I do indeed think that a profoundly and perniciously eugenic outlook drives the curious thought experiments of the transhumanists who would seek to impose anthropocentric cognitive homogeneity on all conscious beings in the name of "universal rights." Quite apart from the foolishness of treating all of these fanciful conceits as matters of urgent policy in the first place, it seems to me quite obscene to assume as a position of ethical concern for nonhuman animals that nonhuman animals in their differences from human ones are inferior, suffering, exploited, unrespectable beings. That is to say, it is precisely in refusing to respect nonhuman animals in their differences that Hughes seems to want to claim his is the higher form of respect for them. And I find such a proposition -- if indeed I am characterizing him aright -- perverse in the extreme.

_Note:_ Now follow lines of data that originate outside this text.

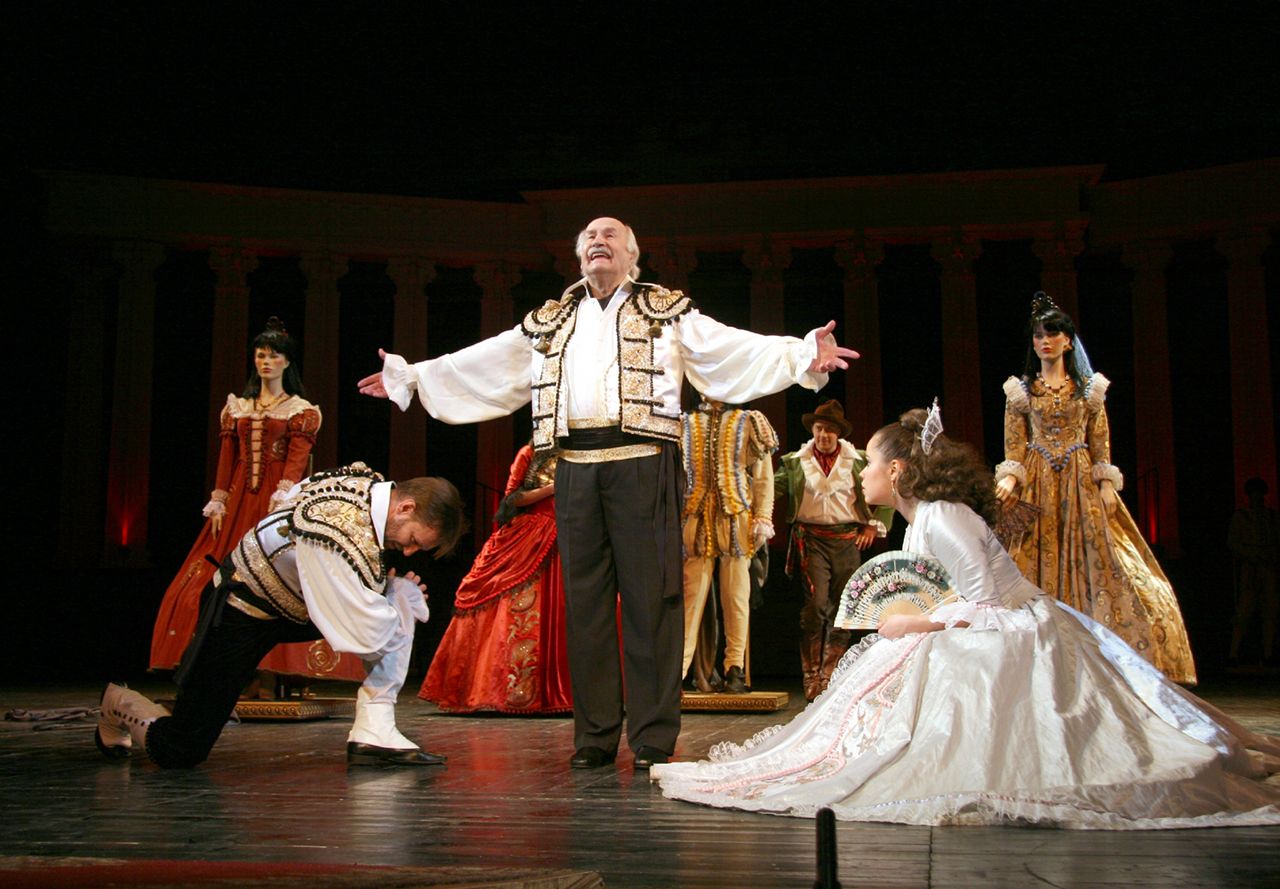 Почти 25 лет я был директором театра, тогда эта должность называлась начальник Театра Советской Армии. Владимир Михайлович служил в нашем театре с 1945 года — он пришел после войны, после съемок в фильме [Ивана] Пырьева «Свинарка и пастух», где он сыграл вместе с [Мариной] Ладыниной. Его все знали по этому фильму. В 1946 году вышел известный всему театральному сообществу спектакль «Учитель танцев» по Лопе де Веге, который шел более 20 лет, и больше тысячи раз Зельдин выходил в нем на сцену. Это легендарное исполнение.
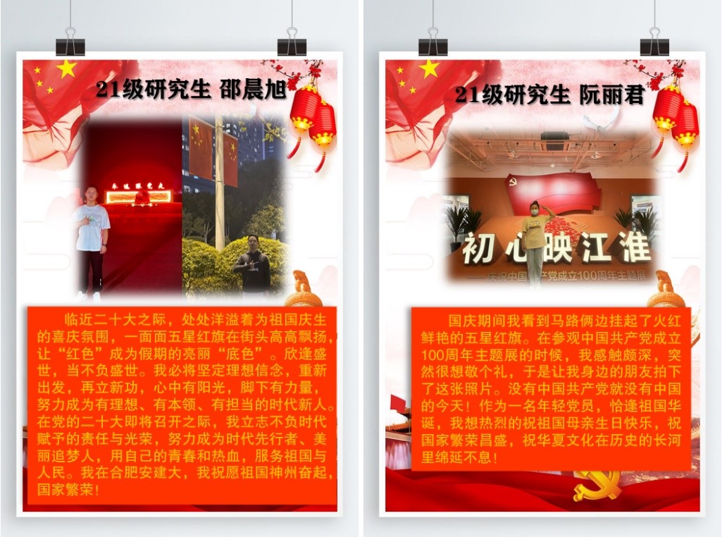 通过本次主题征集活动,环能学院研究生党员们感受颇深,纷纷表示要积极努力,认真学习进一步坚定自己的初心和理想。在新时代为建设更加繁荣美的祖国贡献一份青春力量,为新时代全面建设社会主义现代化国家而不懈奋斗,与祖国同行,用青春梦想,实际行动,为中华民族的伟大复兴作出应有的贡献,成为一名真正爱党爱国爱校的新时代党员!(文/图靳杰 陈悠 曾健平;审稿:戴前宏
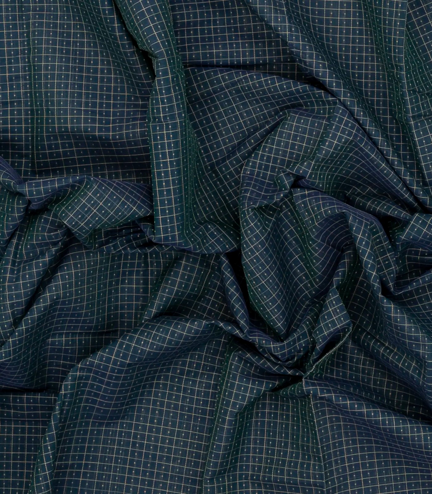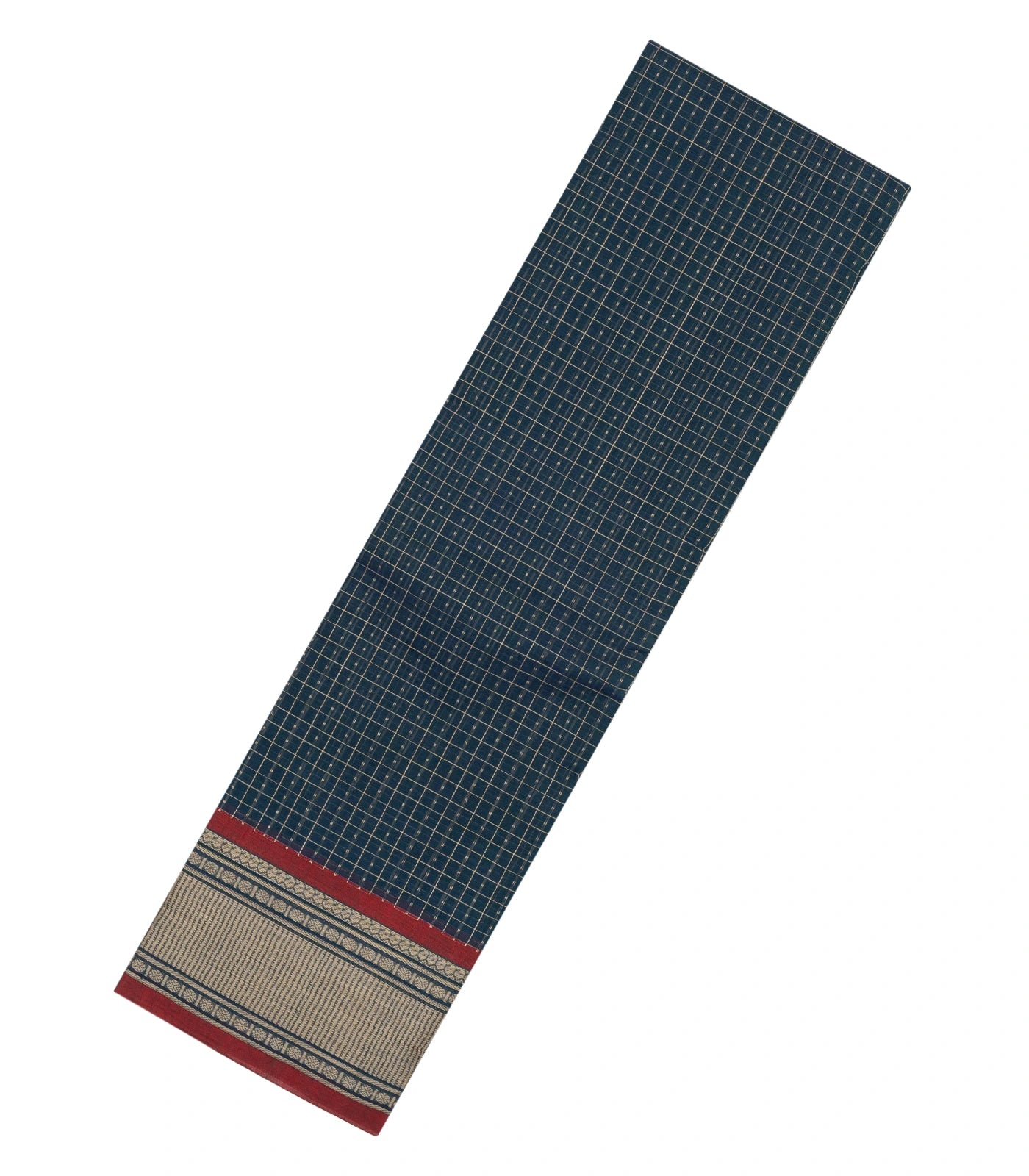 Dark Grey Handloom Kanchi Cotton Saree With Chekcs & Buttas-KC1732
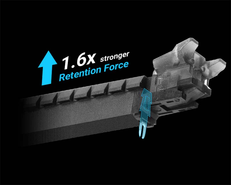 SafeSlot Core SafeSlot Core là khe cắm PCIe độc quyền của ASUS. Với một thiết kế gia cường được gắn vào bo mạch chủ bởi một móc đặc biệt, Safeslot Core cung cấp độ bám mạnh hơn 1,6 lần và độ bền trượt gấp 1,3 lần so với các khe cắm mở rộng tiêu chuẩn. |
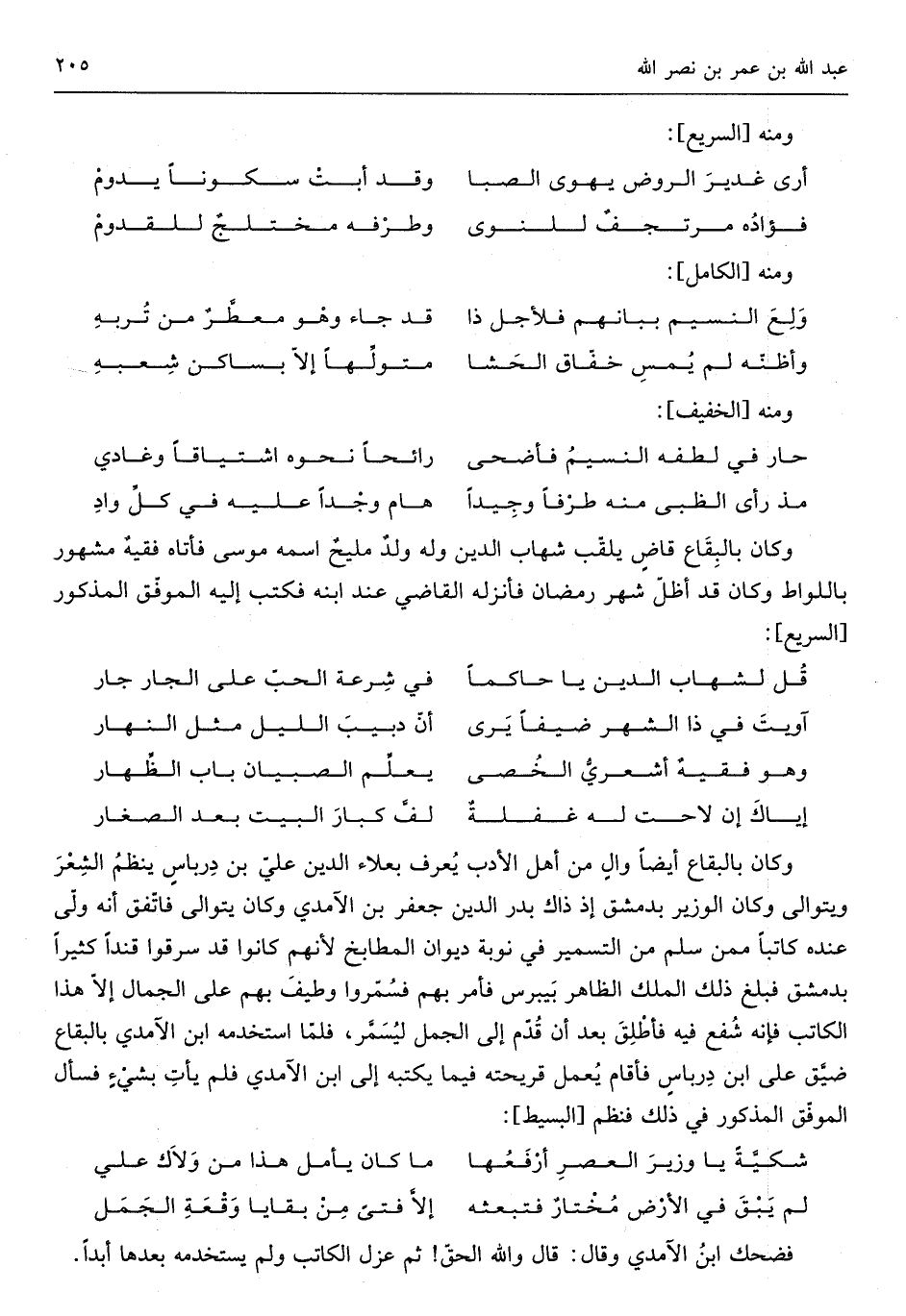وَكَانَ بالبقاع أَيْضا والٍ من أهل الْأَدَب يعرف بعلاء الدّين عَليّ بن درباسٍ بنظم الشّعْر ويتوالى وَكَانَ الْوَزير بِدِمَشْق إِذْ ذَاك بدر الدّين جَعْفَر ابْن الْآمِدِيّ وَكَانَ يتوالى فاتفق أَنه ولى عِنْده كَاتبا مِمَّن سلم من التسمير فِي نوبَة ديوَان المطابخ لأَنهم كَانُوا قد سرقوا قنداً كثيرا)

Hughes would seem to respect difference so much that he thinks almost any difference can and should be crowbarred into conformity with the human optimality he happens to incarnate himself. How very respectful! What a stunning moral vision!
Five:
Notice that in taking up Brin's fictional term "uplift" simply to describe any prosthetic/technical intervention -- however hypothetical or utterly fanciful -- through which a nonhuman mode of cognition might be policed into conformity with a legibly human mode, Hughes and like-minded transhumanists explicitly refuse any of a number of more neutral characterizations of such an imagined change and affirm thereby that any change that is a change in the direction of what they construe as a human norm is a change "upward," a change for the better.
I do not happen myself to assume in advance that any such imaginable change would inevitably be a change for the worst, forcibly imposed, by the way, and so I would not advocate any kind of pre-emptive prohibition of any such interventions should something like them eventually come to be possible, who knows when who knows how who knows what. The devil, as well as the angels, would no doubt be in the details, as is usually the case.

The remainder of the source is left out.